Linux-数据集 TPC-H、TPC-DS的导入和使用(MySQL)
一. TPC-H 数据集
1、数据集下载
TPC-H数据集: https://github.com/gregrahn/tpch-kit
可采用gcc下载或者直接下载zip包,然后解压即可。
具体使用方法可以查看 dbgen文件目录下的:README文件
2、数据表的创建与约束
在下载的文件包下的dbgen文件夹下,有2个文件,分别是dss.ddl、dss.ri。
(1)dss.ddl是创建表的语句,将里面的内容放入到dss.sql中(你自己创建的sql文件),执行表中的语句即可创建表。
\i /pathA/dss.sql
# 该文件对应的路径
(2)dss.ri 是表之间的限制条件,也将内容复制到sql文件下dss_ri.sql,然后执行。

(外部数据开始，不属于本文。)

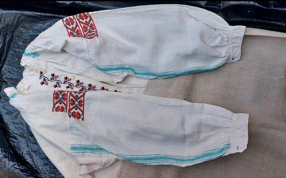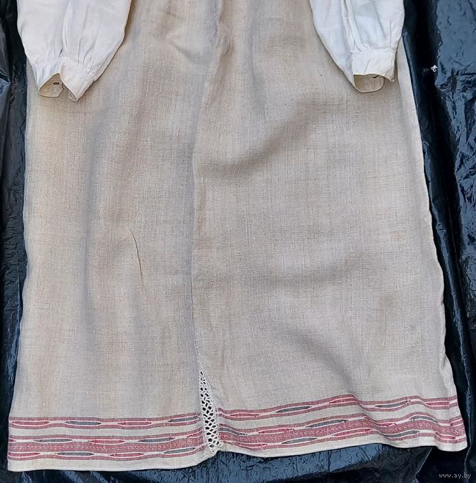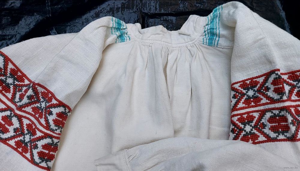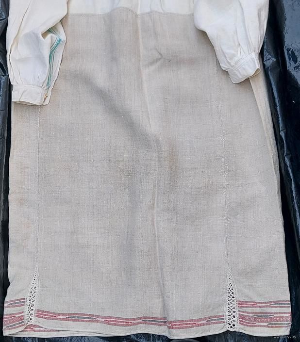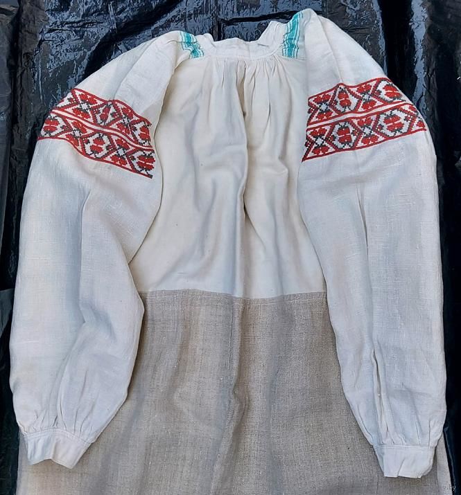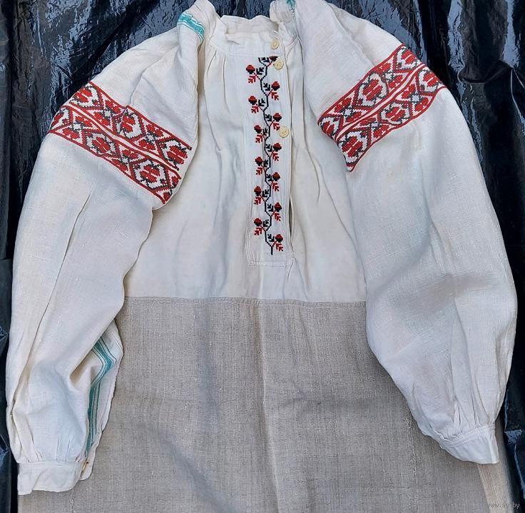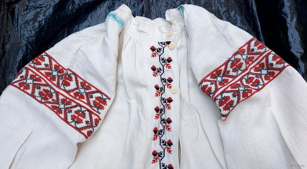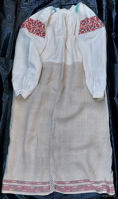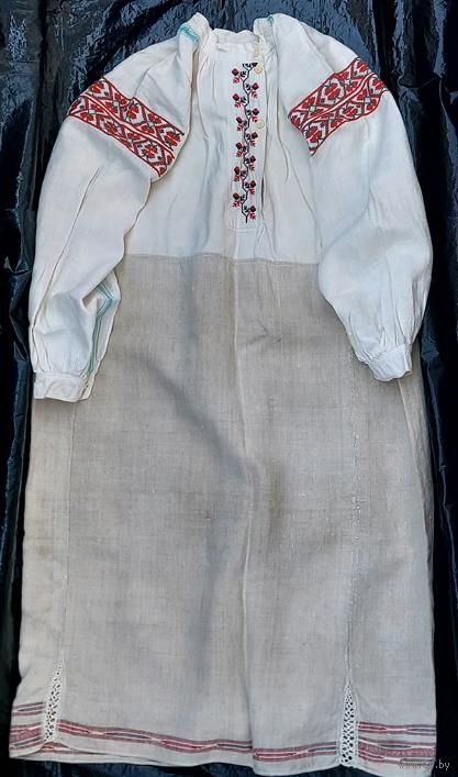 Традиционная белорусская сорочка, пошита до 1928 г. Очень хорошее состояние, под мышками едва заметные бледно красные следы от носки сорочки с красным кабатом (гарсетом).
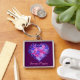 Floral Heart on Purple Custom Square Keychain
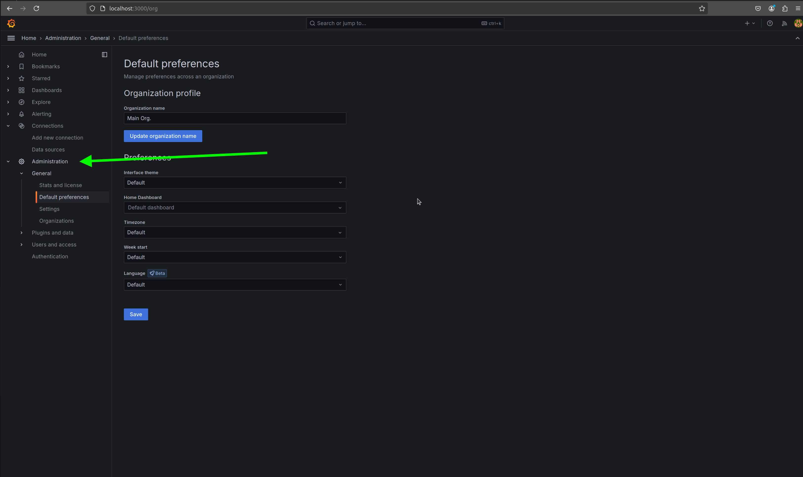 Firstly, log in to Grafana if you haven’t already. Then, if desired, you can set some basic preferences by clicking on the Administration sidebar option:

注意:数据约束这里有问题,需要修改下表内的内容,把外键这里的语句改成如下格式。
ALTER TABLE REGION ADD PRIMARY KEY (R_REGIONKEY); ALTER TABLE NATION ADD PRIMARY KEY (N_NATIONKEY); ALTER TABLE NATION ADD CONSTRAINT NATION_FK1 FOREIGN KEY (N_REGIONKEY) REFERENCES REGION (R_REGIONKEY); COMMIT WORK; ALTER TABLE PART ADD PRIMARY KEY (P_PARTKEY); COMMIT WORK; ALTER TABLE SUPPLIER ADD PRIMARY KEY (S_SUPPKEY); ALTER TABLE SUPPLIER ADD CONSTRAINT SUPPLIER_FK1 FOREIGN KEY(S_NATIONKEY) references NATION(N_NATIONKEY); COMMIT WORK; ALTER TABLE PARTSUPP ADD PRIMARY KEY (PS_PARTKEY,PS_SUPPKEY); COMMIT WORK; ALTER TABLE CUSTOMER ADD PRIMARY KEY (C_CUSTKEY); ALTER TABLE CUSTOMER ADD CONSTRAINT CUSTOMER_FK1 FOREIGN KEY(C_NATIONKEY) references NATION(N_NATIONKEY); COMMIT WORK;
ALTER TABLE LINEITEM ADD PRIMARY KEY (L_ORDERKEY,L_LINENUMBER); COMMIT WORK; ALTER TABLE ORDERS ADD PRIMARY KEY (O_ORDERKEY); COMMIT WORK; ALTER TABLE PARTSUPP ADD CONSTRAINT PARTSUPP_FK1 FOREIGN KEY (PS_SUPPKEY) references SUPPLIER(S_SUPPKEY); COMMIT WORK; ALTER TABLE PARTSUPP ADD CONSTRAINT PARTSUPP_FK2 FOREIGN KEY (PS_PARTKEY) references PART (P_PARTKEY); COMMIT WORK; ALTER TABLE ORDERS ADD CONSTRAINT ORDERS_FK1 FOREIGN KEY (O_CUSTKEY) references CUSTOMER(C_CUSTKEY); COMMIT WORK; ALTER TABLE LINEITEM ADD CONSTRAINT LINEITEM_FK1 FOREIGN KEY (L_ORDERKEY) references ORDERS(O_ORDERKEY); COMMIT WORK; ALTER TABLE LINEITEM ADD CONSTRAINT LINEITEM_FK2 FOREIGN KEY (L_PARTKEY,L_SUPPKEY) references PARTSUPP (PS_PARTKEY,PS_SUPPKEY); COMMIT WORK;
执行命令
\i /pathA/dss_ri.sql
# 该文件对应的路径
3、数据的生成与导入
(1)生成dbgen、qgen
通过下面命令,生成两个文件,分别是dbgen、qgen。分别用于产生数据和查询。
make -f Makefile
(2)生成数据
生成8个tbl文件,生成以后修改八个文件的可执行权限,将这八个tbl文件放入创建好的文件目录tbl下(注意1表示1G数据量,0.1表示100M数据量)。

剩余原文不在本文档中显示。